Como ficcionista, por exemplo, ele não recua diante dos
palavrões (discretamente utilizados como técnica
de autenticidade dialogal), recurso de que Dalton Trevisan jamais
se utilizou, assinalando-se, com isso, a distância, literária
e real, entre as duas Curitibas. Eles se identificam, entretanto,
pelo aspecto intrinsecamente curitibano que é o humor irreverente,
implacável e incoercível, humor ao mesmo tempo alegre
e sarcástico. Essa característica da cidade ainda
está por ser estudada, o que seria tanto mais interessante
quanto contrasta com a tendência local para a gravidade
de maneiras e o tropismo conservador, se não reacionário,
sendo responsável, por outro lado, pelo erro de leitura
mais comum entre os críticos de Dalton Trevisan, inclinados
a encará-lo como espírito trágico, flagelo
da sociedade ou carrasco dos semelhantes, sem perceber-lhe a vocação
satírica, aliás irreprimível.
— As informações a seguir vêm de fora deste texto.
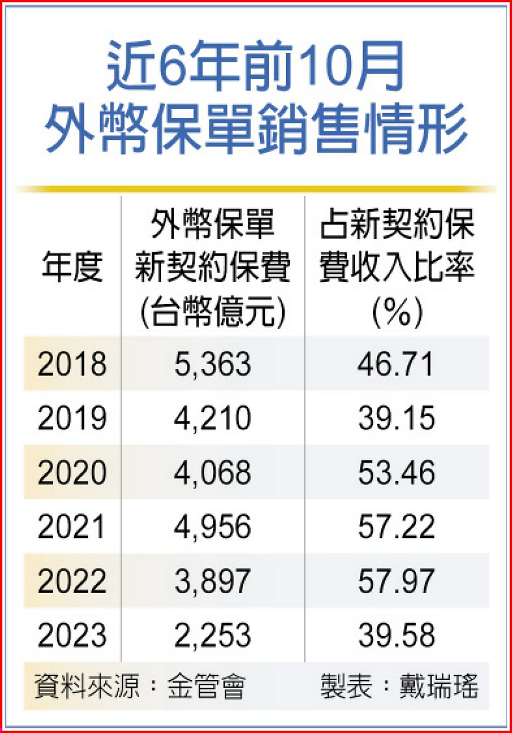 前十月外幣保單新契約保費收入2,253億元,年減1,643億元或42%,其中傳統型賣得比投資型好,傳統型保單前十月銷售1,670億元,相較於去年同期賣2,679億元,年減1,009億元或38%,而投資型前十月僅賣出583億元,不及去年同期賣逾1,218億元,年減高達52%。

O humor de
Cristovão Tezza é mais descontraído, embora
não menos cáustico e vingador. Ele é o observador,
se não desinteressado, pelo menos resignado, dos ridículos
típicos do nosso tempo, contra os quais se defende ou imuniza,
justamente, pela visão corrosiva. Os subliteratos de pretensões
insondáveis que infestam a vida local, os praticantes dos
exercícios orientais de sabedoria que arruínam os
casamentos e os estômagos, as mães neuróticas
que infernizam a vida dos filhos, os revolucionários apocalípticos
que fundam comunas agrícolas em lugares inacessíveis,
tudo isso passa por suas páginas, para nada dizer dos desobramentos
grotescos e trágicos em que acabou por se envolver a alma
inocente de Juliano Pavollini.
Evitemos, para concluir,outro erro de visão, que o encarasse
como autor de proporções e dimensões locais,
como "escritor universalmente conhecido em Curitiba".
Ainda verdolengo em tais ou tais aspectos, trata-se, desde já,
de um grande nome na literatura brasileira contemporânea,
porque, falando e escrevendo um novo "idioma de romance",
torna automaticamente obsoletos numerosos outros.